» **Problem**:
Could the entries below be transcribed word for word, with the pictures omitted?

» **Input records**:
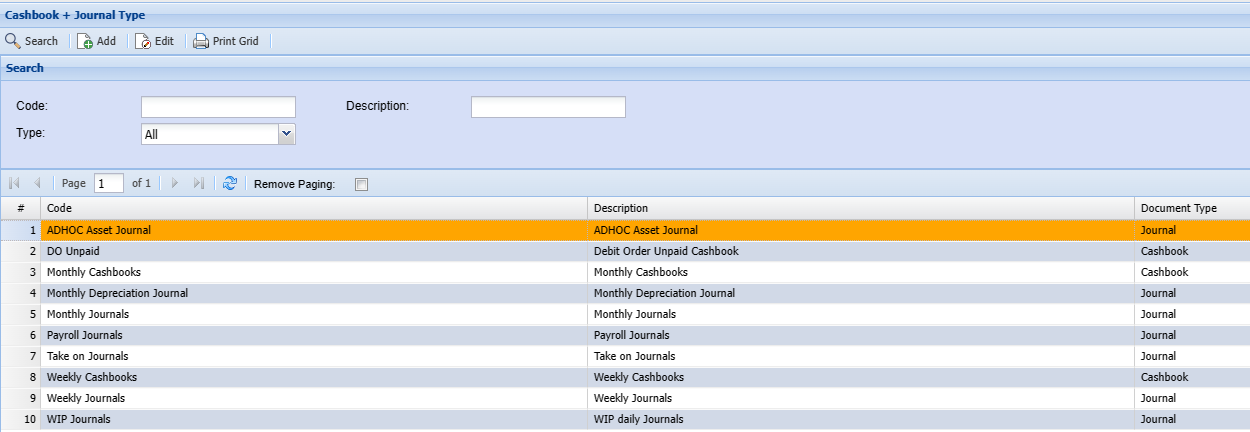 This form allows the user to search or Add for a journal or cashbook type
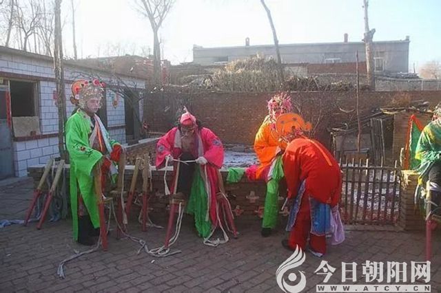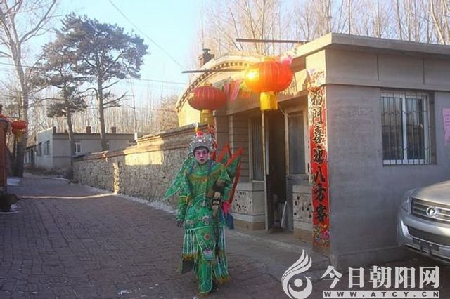 銅鑼再次響起,最后會首出場了。會首不化妝,不著妝,不踩高蹺。一身光腚棉襖棉褲,拿個(gè)小旗,站到主人面前唱幾句答謝的話:
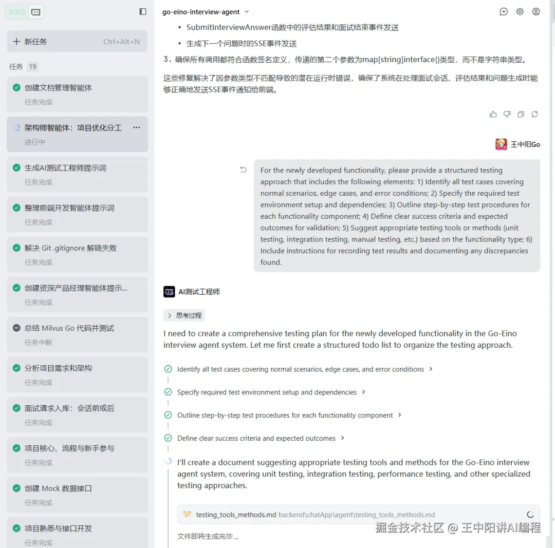 - 实时沟通:建个专属沟通群,开发和前端联调遇到“接口返回格式不对”,直接@架构师和相关智能体,10分钟内响应
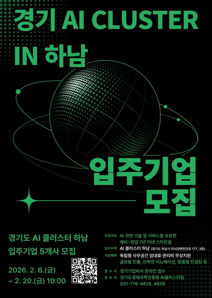 경기도가 하남 지역에 조성 중인 AI 혁신클러스터에 입주할 기업을 모집한다. 신청 기간은 2026년 2월 6일부터 20일 오전 10시까지이며, 인공지능 기반 기술·서비스를 보유한 예비 창업자와 창업 7년 이내 스타트업이 대상이다. 신산업 창업 분야에 해당할 경우 창업 10년 이내 기업도 지원할 수 있다. 모집 규모는 4인실 3개사, 6인실 2개사 등 총 5개사 내외이며, GPU 활용 역량을 갖춘 기업이 우대된다. 선정 기업은 최대 3년간 입주할 수 있으며, 사무공간과 기본 가구, 공용시설, AI 기술 협업 프로그램, 글로벌 진출 지원 등 다양한 혜택을 제공받는다. 특히 하남 클러스터 내에서는 H100·RTX4090급 GPU 인프라를 활용할 수 있다. 신청은 경기기업비서 온라인 시스템을 통해 접수하며, 평가위원회 심사를 거쳐 60점 이상 고득점 순으로 최종 입주 기업이 결정된다.
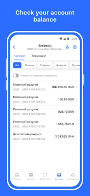 • Tax payments: automatically receive data from the State Tax Service, pay taxes, fees, and other mandatory payments. Activate payment deadline reminders to pay on time.
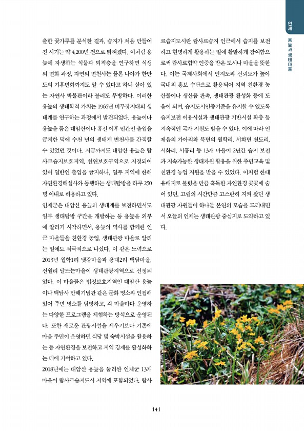 141 인제 용 용 용 용용 용 용 용 출한 꽃가루를 분석한 결과, 습지가 처음 만들어 진 시기는 약 4,200년 전으로 밝혀졌다. 이처럼 용 늪에 자생하는 식물과 퇴적층을 연구하면 식생 의 변화 과정, 자연의 변천사는 물론 나아가 한반 도의 기후변화까지도 알 수 있다고 하니 살아 있 는 자연사 박물관이라 불러도 무방하다. 이러한 용늪의 생태학적 가치는 1966년 비무장지대의 생 태계를 연구하는 과정에서 발견되었다. 용늪이나 용늪을 품은 대암산이나 휴전 이후 민간인 출입을 금지한 덕에 수천 년의 생태계 변천사를 간직할 수 있었던 것이다. 지금까지도 대암산 용늪은 람 사르습지보호지역, 천연보호구역으로 지정되어 있어 일반인 출입을 금지하나, 일부 지역에 한해 자연환경해설사와 동행하는 생태탐방을 하루 250 명 ...
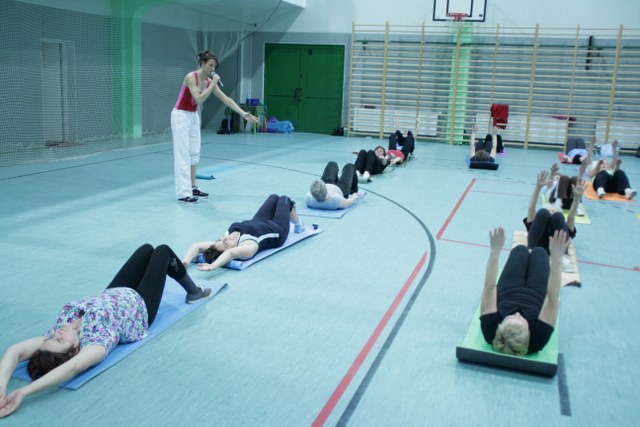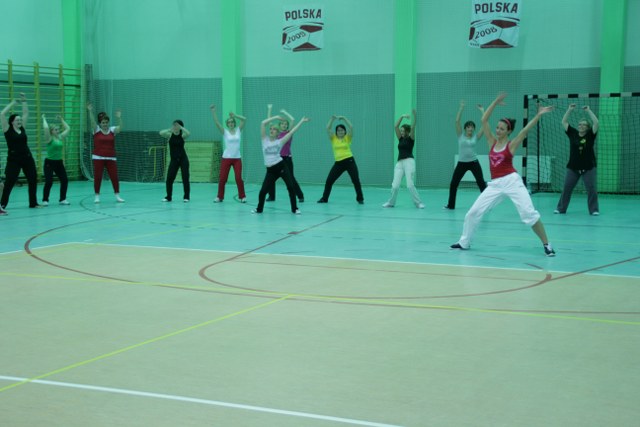 Generalnie na zajęcia fitness może przyjść każda kobieta, niezależnie od wieku i sprawności fizycznej. I tak zajęcia składają się z dwóch części. Pierwsza to fitness rehabilitacyjny (godz. 17.00) skierowany dla Pań cierpiących na bóle kręgosłupa, cukrzycę, choroby stawów, reumatyzm i zwyrodnienia, osteoporozę, choroby układu krążenia i nadwagę. Druga część to zumba (godz. 18.00). Jest to zainspirowana latynoskimi rytmami fuzja tańca i aerobiku. Kształtuje ona sylwetkę, dba o kondycję i wprawia w świetne samopoczucie. Zróżnicowane kombinacje ruchów i motywująca muzyka stanowią sposób na efektywny trening.
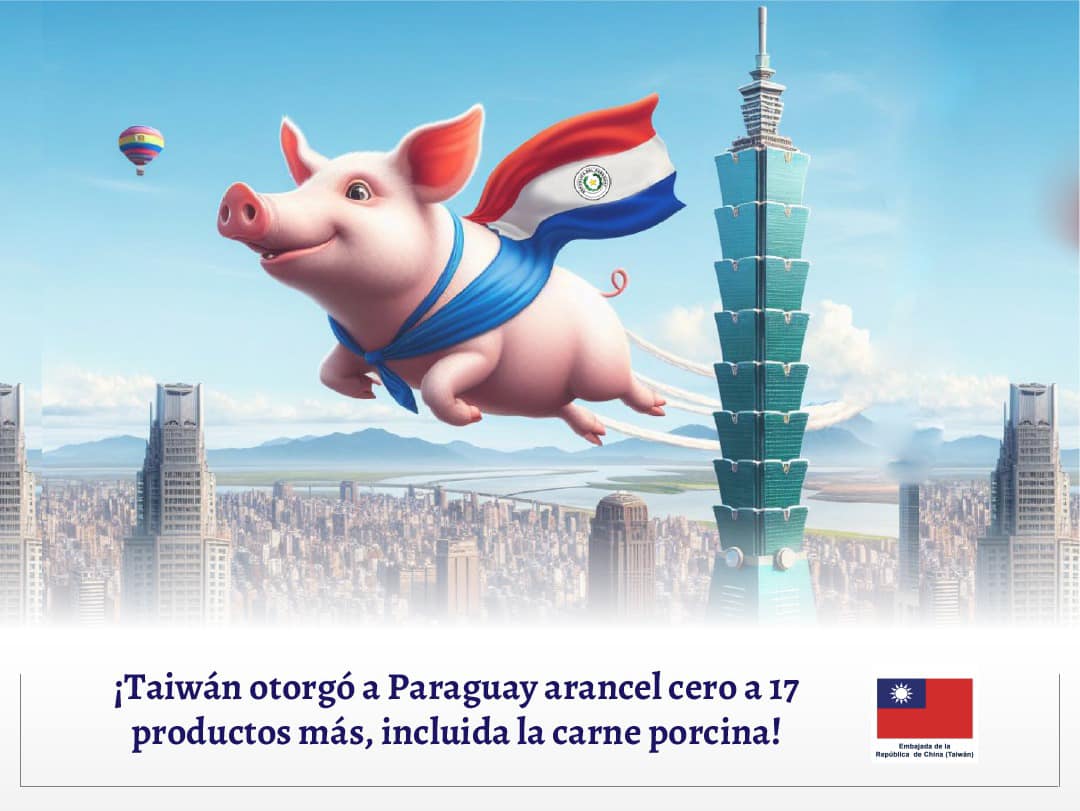 去(2023)年巴拉圭出口台灣價值1500萬美元的豬肉,以免關稅計算,將為巴國豬肉業者省下200萬美元的稅金。
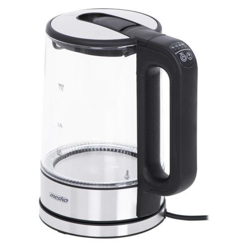 <b>Kettle 1,7 L</b><br><br>A glass kettle with temperature control is a device that should be present in every home. Using kettle, you can choose one of several temperature ranges from 60 to 100 degrees Celsius, thanks to which we can adjust the heat of the water to the type of tea or herbs brewed. The kettle is equipped with a temperature maintenance function. The elegants finish with stainless steel, a charming spout, a convenient opening handle and a rotating base make the device easier for left-handed people and children to use. Interesting accents are also different shades of water backlight depending on the set temperature and the sound signal during start-up and after boiling.Mesko Home MS 1301B. Water tank capacity: 1.7 L. Power: 2200 W. Product colour: Black, Stainless steel, Transparent, Housing material: Glass, Stainless steel, Adjustable thermostat, Water level indicator, Overheat protection, Keep warm function
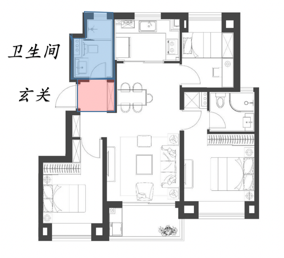 创新户型:家里的公共洗手间,搬到了进门玄关位置
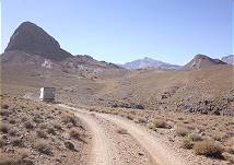 Das Kapitel Siroua ist erledigt, meinen wir und brechen auf zur nächsten Etappe Richtung Todra-Schlucht: In Taznakht biegt man dazu nach Norden Richtung Quarzazate ab und kommt nach 30 Kilometer durch Anezal ("Anzel" auf der Regionalkarte oben). Hier geht westlich eine schmale Straße nach Tachokchte ab, die im Pistenkuhführer die Bezeichnung HTA trägt und nördlich am Siroua vorbeiführt. Da ich den Gipfel noch nicht richtig gesehen habe, juckt mich diese inzwischen geteerte frühere Piste, die zum zweiten (nördlichen) Zugang des Siroua führt, und wir machen somit diesen Trip. Nach geschätzt 20 km Teerstraße biegt in der Nähe eines hohen Sendemasten eine unbenannte Piste links ab, der wir so lange genau in Richtung des Gipfels folgen, bis sie sich südlich wendet und am Sirouamassiv vorbeiführt. Wir kommen auf diese Weise bis auf sieben bis acht Kilometer an den Gipfel heran und ich habe mit dem Fernglas einen schönen Blick darauf. Und umgekehrt: Vom Gipfelfoto des Siroua aus ist unser nächster Punkt mit einem schwarzen X markiert.
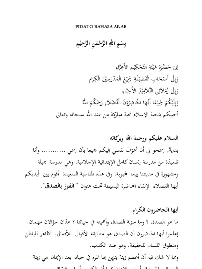 Contoh Teks Pidato Bahasa Arab (Kls I) | Pesantren Isra Noor Bandung
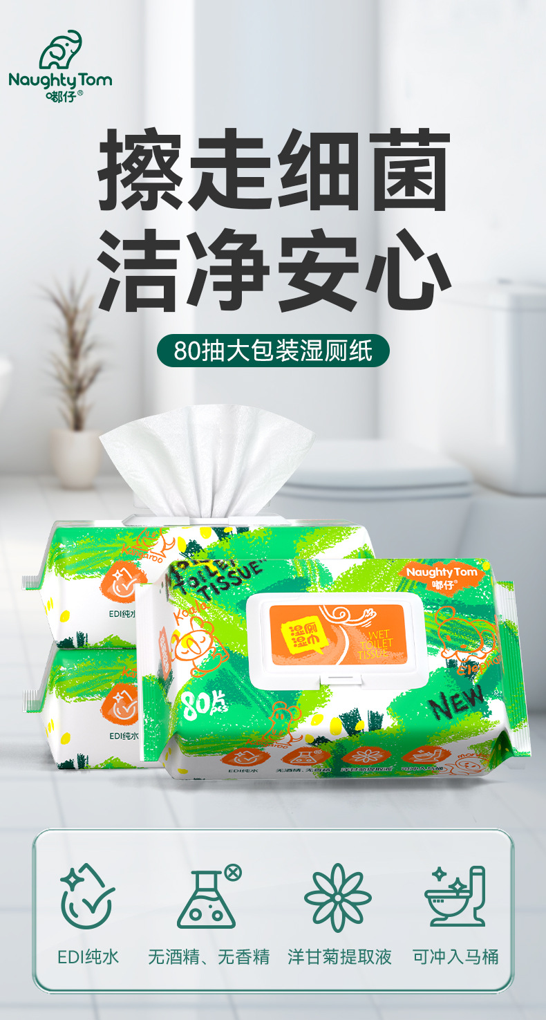 湿厕纸清洁经期用卫生湿巾女生冲马桶批发抑菌纯水湿厕巾家用清爽

» **Exercise solution**:
 This form allows the user to search or Add for a journal or cashbook type
 銅鑼再次響起,最后會首出場了。會首不化妝,不著妝,不踩高蹺。一身光腚棉襖棉褲,拿個(gè)小旗,站到主人面前唱幾句答謝的話:
 - 实时沟通:建个专属沟通群,开发和前端联调遇到“接口返回格式不对”,直接@架构师和相关智能体,10分钟内响应
 경기도가 하남 지역에 조성 중인 AI 혁신클러스터에 입주할 기업을 모집한다. 신청 기간은 2026년 2월 6일부터 20일 오전 10시까지이며, 인공지능 기반 기술·서비스를 보유한 예비 창업자와 창업 7년 이내 스타트업이 대상이다. 신산업 창업 분야에 해당할 경우 창업 10년 이내 기업도 지원할 수 있다. 모집 규모는 4인실 3개사, 6인실 2개사 등 총 5개사 내외이며, GPU 활용 역량을 갖춘 기업이 우대된다. 선정 기업은 최대 3년간 입주할 수 있으며, 사무공간과 기본 가구, 공용시설, AI 기술 협업 프로그램, 글로벌 진출 지원 등 다양한 혜택을 제공받는다. 특히 하남 클러스터 내에서는 H100·RTX4090급 GPU 인프라를 활용할 수 있다. 신청은 경기기업비서 온라인 시스템을 통해 접수하며, 평가위원회 심사를 거쳐 60점 이상 고득점 순으로 최종 입주 기업이 결정된다.
 • Tax payments: automatically receive data from the State Tax Service, pay taxes, fees, and other mandatory payments. Activate payment deadline reminders to pay on time.
 141 인제 용 용 용 용용 용 용 용 출한 꽃가루를 분석한 결과, 습지가 처음 만들어 진 시기는 약 4,200년 전으로 밝혀졌다. 이처럼 용 늪에 자생하는 식물과 퇴적층을 연구하면 식생 의 변화 과정, 자연의 변천사는 물론 나아가 한반 도의 기후변화까지도 알 수 있다고 하니 살아 있 는 자연사 박물관이라 불러도 무방하다. 이러한 용늪의 생태학적 가치는 1966년 비무장지대의 생 태계를 연구하는 과정에서 발견되었다. 용늪이나 용늪을 품은 대암산이나 휴전 이후 민간인 출입을 금지한 덕에 수천 년의 생태계 변천사를 간직할 수 있었던 것이다. 지금까지도 대암산 용늪은 람 사르습지보호지역, 천연보호구역으로 지정되어 있어 일반인 출입을 금지하나, 일부 지역에 한해 자연환경해설사와 동행하는 생태탐방을 하루 250 명 ...
 Generalnie na zajęcia fitness może przyjść każda kobieta, niezależnie od wieku i sprawności fizycznej. I tak zajęcia składają się z dwóch części. Pierwsza to fitness rehabilitacyjny (godz. 17.00) skierowany dla Pań cierpiących na bóle kręgosłupa, cukrzycę, choroby stawów, reumatyzm i zwyrodnienia, osteoporozę, choroby układu krążenia i nadwagę. Druga część to zumba (godz. 18.00). Jest to zainspirowana latynoskimi rytmami fuzja tańca i aerobiku. Kształtuje ona sylwetkę, dba o kondycję i wprawia w świetne samopoczucie. Zróżnicowane kombinacje ruchów i motywująca muzyka stanowią sposób na efektywny trening.
 去(2023)年巴拉圭出口台灣價值1500萬美元的豬肉,以免關稅計算,將為巴國豬肉業者省下200萬美元的稅金。
 <b>Kettle 1,7 L</b><br><br>A glass kettle with temperature control is a device that should be present in every home. Using kettle, you can choose one of several temperature ranges from 60 to 100 degrees Celsius, thanks to which we can adjust the heat of the water to the type of tea or herbs brewed. The kettle is equipped with a temperature maintenance function. The elegants finish with stainless steel, a charming spout, a convenient opening handle and a rotating base make the device easier for left-handed people and children to use. Interesting accents are also different shades of water backlight depending on the set temperature and the sound signal during start-up and after boiling.Mesko Home MS 1301B. Water tank capacity: 1.7 L. Power: 2200 W. Product colour: Black, Stainless steel, Transparent, Housing material: Glass, Stainless steel, Adjustable thermostat, Water level indicator, Overheat protection, Keep warm function
 创新户型:家里的公共洗手间,搬到了进门玄关位置
 Das Kapitel Siroua ist erledigt, meinen wir und brechen auf zur nächsten Etappe Richtung Todra-Schlucht: In Taznakht biegt man dazu nach Norden Richtung Quarzazate ab und kommt nach 30 Kilometer durch Anezal ("Anzel" auf der Regionalkarte oben). Hier geht westlich eine schmale Straße nach Tachokchte ab, die im Pistenkuhführer die Bezeichnung HTA trägt und nördlich am Siroua vorbeiführt. Da ich den Gipfel noch nicht richtig gesehen habe, juckt mich diese inzwischen geteerte frühere Piste, die zum zweiten (nördlichen) Zugang des Siroua führt, und wir machen somit diesen Trip. Nach geschätzt 20 km Teerstraße biegt in der Nähe eines hohen Sendemasten eine unbenannte Piste links ab, der wir so lange genau in Richtung des Gipfels folgen, bis sie sich südlich wendet und am Sirouamassiv vorbeiführt. Wir kommen auf diese Weise bis auf sieben bis acht Kilometer an den Gipfel heran und ich habe mit dem Fernglas einen schönen Blick darauf. Und umgekehrt: Vom Gipfelfoto des Siroua aus ist unser nächster Punkt mit einem schwarzen X markiert.
 Contoh Teks Pidato Bahasa Arab (Kls I) | Pesantren Isra Noor Bandung
 湿厕纸清洁经期用卫生湿巾女生冲马桶批发抑菌纯水湿厕巾家用清爽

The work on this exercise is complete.